*** Opening of THE RECORDS ***

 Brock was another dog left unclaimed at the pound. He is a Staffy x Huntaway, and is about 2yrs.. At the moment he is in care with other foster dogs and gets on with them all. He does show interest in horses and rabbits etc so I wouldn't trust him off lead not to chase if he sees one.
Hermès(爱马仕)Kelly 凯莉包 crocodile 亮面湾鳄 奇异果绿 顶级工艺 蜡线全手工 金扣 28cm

*** Close of THE RECORDS ***
*** Opening of THE RECORDS ***

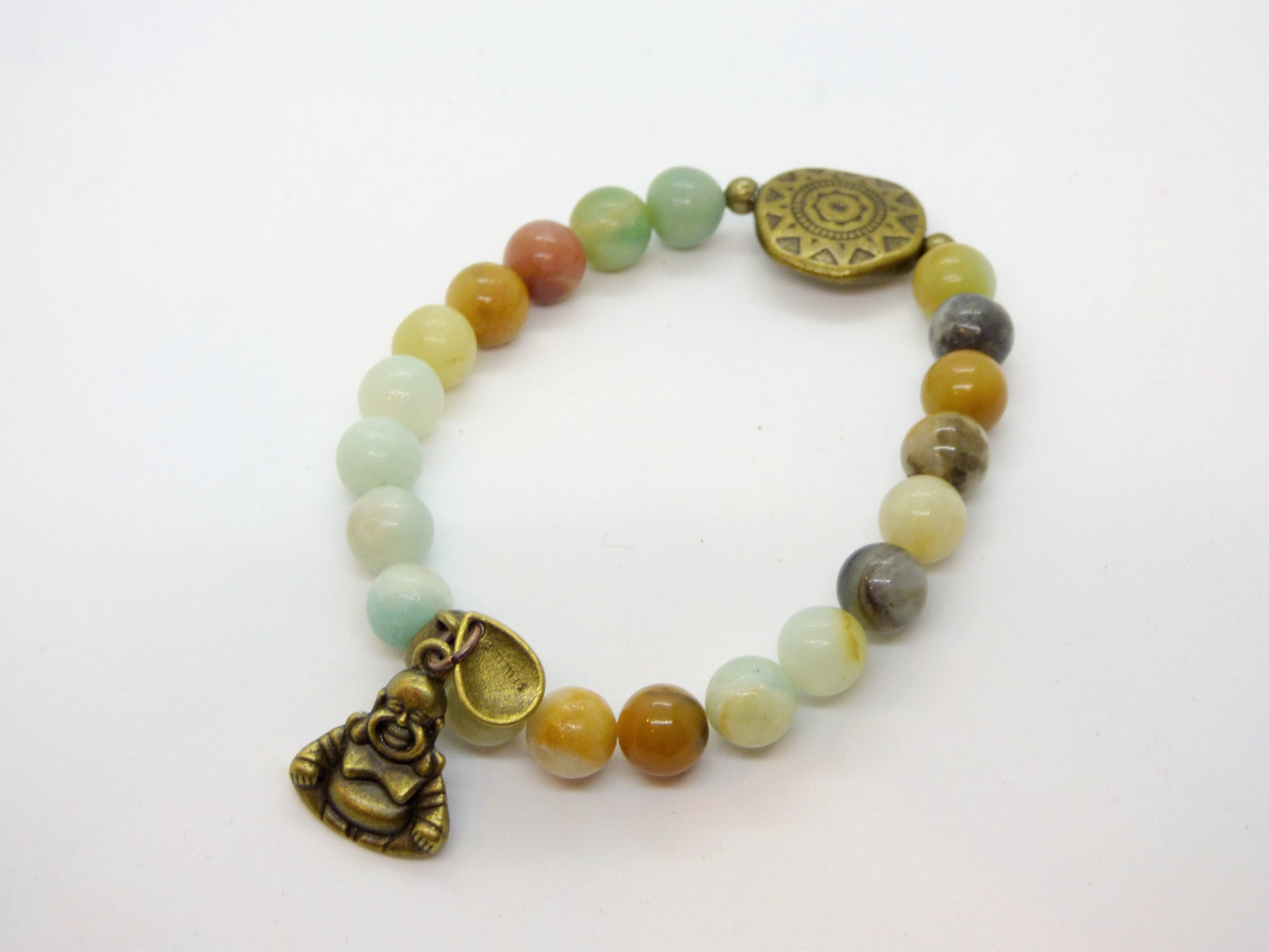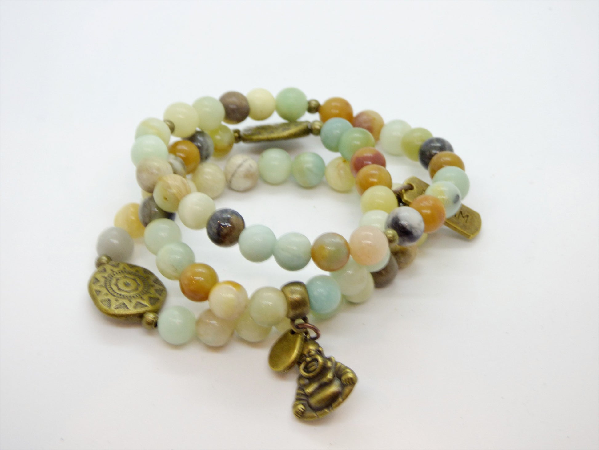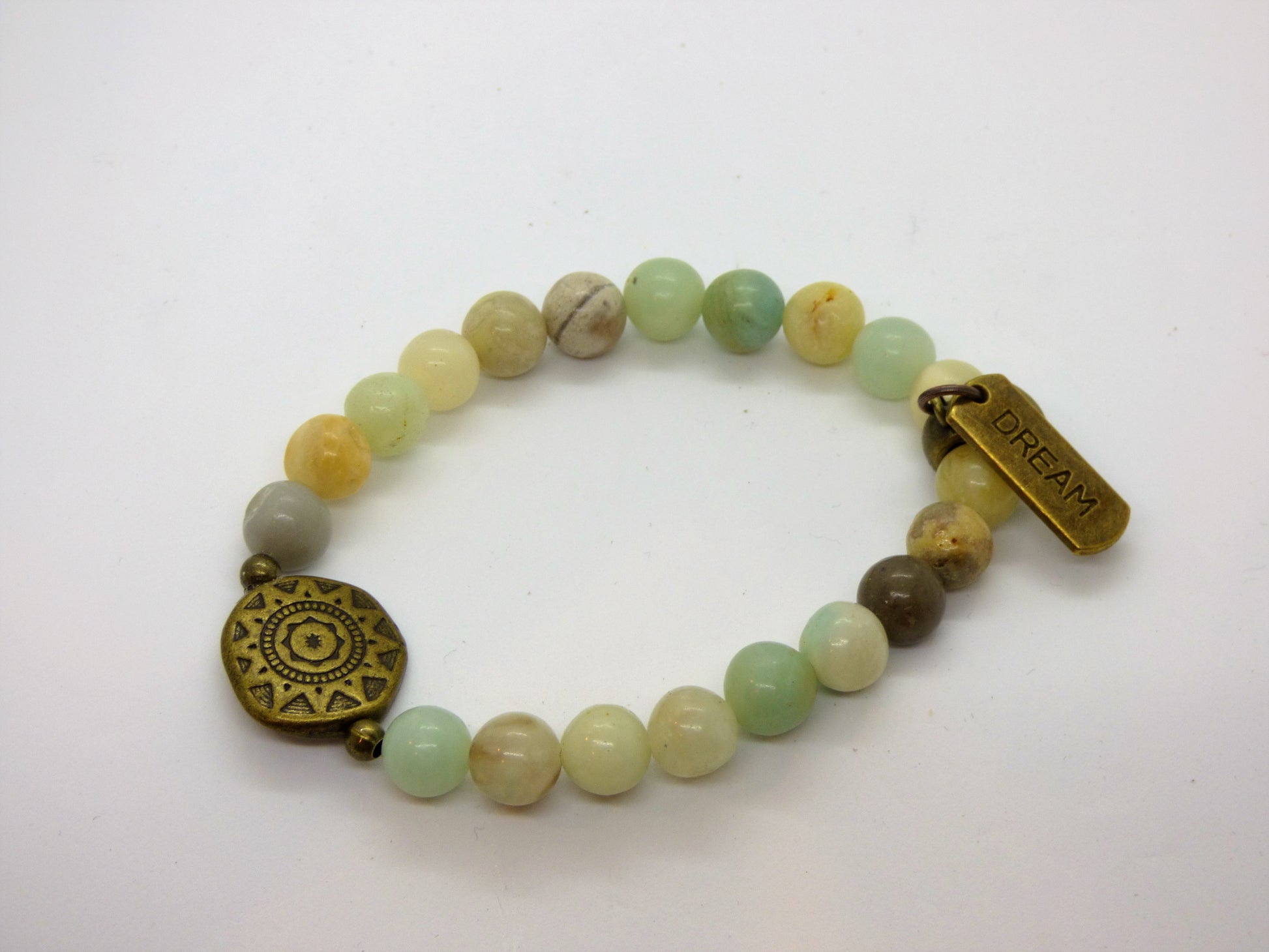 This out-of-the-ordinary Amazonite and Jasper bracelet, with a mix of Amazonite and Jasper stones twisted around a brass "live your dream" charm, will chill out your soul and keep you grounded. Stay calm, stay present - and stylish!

*** Close of THE RECORDS ***

▶ _WORK INSTRUCTION_:
In the listing above, the lines from the one containing "Brock was another" through the one containing "Hermès(爱马仕)Kelly 凯莉包 crocodile" must be set down exactly, with no other lines.

▶ _OUTPUT OF THE TASK_:
 Brock was another dog left unclaimed at the pound. He is a Staffy x Huntaway, and is about 2yrs.. At the moment he is in care with other foster dogs and gets on with them all. He does show interest in horses and rabbits etc so I wouldn't trust him off lead not to chase if he sees one.
Hermès(爱马仕)Kelly 凯莉包 crocodile 亮面湾鳄 奇异果绿 顶级工艺 蜡线全手工 金扣 28cm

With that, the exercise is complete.